The chosen block is in the Docker default-addr-pool (`10.0.0.0/8`) but at a different /16 with
no collisions. Host eth0 is `91.98.47.73/32`; tailscale0 is `100.95.31.88/32` — no conflict.
Patch verified, subnet safe, procedure reviewed. See REVIEW-pvfix.md.
---
## Services on proxy (services that will be disrupted)
## Maintenance window executed (2026-06-13T05:3305:46Z)
| Service | Stack | Notes |
|---|---|---|
| traefik_ci_commoninternet_net_app | traefik_ci_commoninternet_net | Traefik router |
| drone_ci_commoninternet_net_app | drone_ci_commoninternet_net | Drone CI |
| ccci-bridge_app | ccci-bridge | PR comment bridge |
| ccci-dashboard_app | ccci-dashboard | CI dashboard |
| ccci-reports_app | ccci-reports | Reports nginx |
| warm-keycloak_ci_commoninternet_net_app | warm-keycloak_ci_commoninternet_net | Warm Keycloak |
**Sequence executed:**
1. Pre-flight: confirmed no active recipe test containers; all stacks infra-only
2. Removed stacks on proxy: traefik, drone, ccci-bridge, ccci-dashboard, ccci-reports, warm-keycloak
3. Drained proxy (watched containers → `{}`)

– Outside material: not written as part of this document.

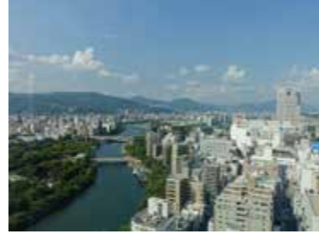
9 NHK広島放送センタービルから見た原爆ドーム、紙屋町方向

4. `docker network rm proxy` → removed
5. Pulled patched config into `/root/builder-clone`, resolved stale untracked files
6. `nixos-rebuild switch --flake "git+file:///root/builder-clone?submodules=1#cc-ci"` → success
7. `systemctl restart swarm-init` → proxy recreated as `10.10.0.0/16`
8. `systemctl restart deploy-proxy` → traefik deployed; health gate deadlock broke by starting deploy-dashboard concurrently
9. `systemctl start deploy-drone deploy-bridge deploy-dashboard deploy-reports`
10. `systemctl start warm-keycloak`
11. All services healthy; routes confirmed
**Not on proxy (unaffected):**
- `backups_ci_commoninternet_net_app` — backup-bot-two, its own network only
---
## M2 (pending M1 PASS)
Will execute the maintenance procedure above and claim M2 once Adversary has verified M1.
**Anomaly note (for Adversary):** The `deploy-proxy` health gate checks `ci.commoninternet.net` (expects 200), but the dashboard (which serves that) is ordered AFTER `deploy-proxy`. On a fresh-from-scratch boot this creates a potential ordering issue. Workaround used: started deploy-dashboard concurrently during deploy-proxy's wait_healthy retry window. This matches normal-boot behavior (all WantedBy=multi-user.target services start concurrently with ordering). The health gate passed once the dashboard was deployed (~20s after starting it).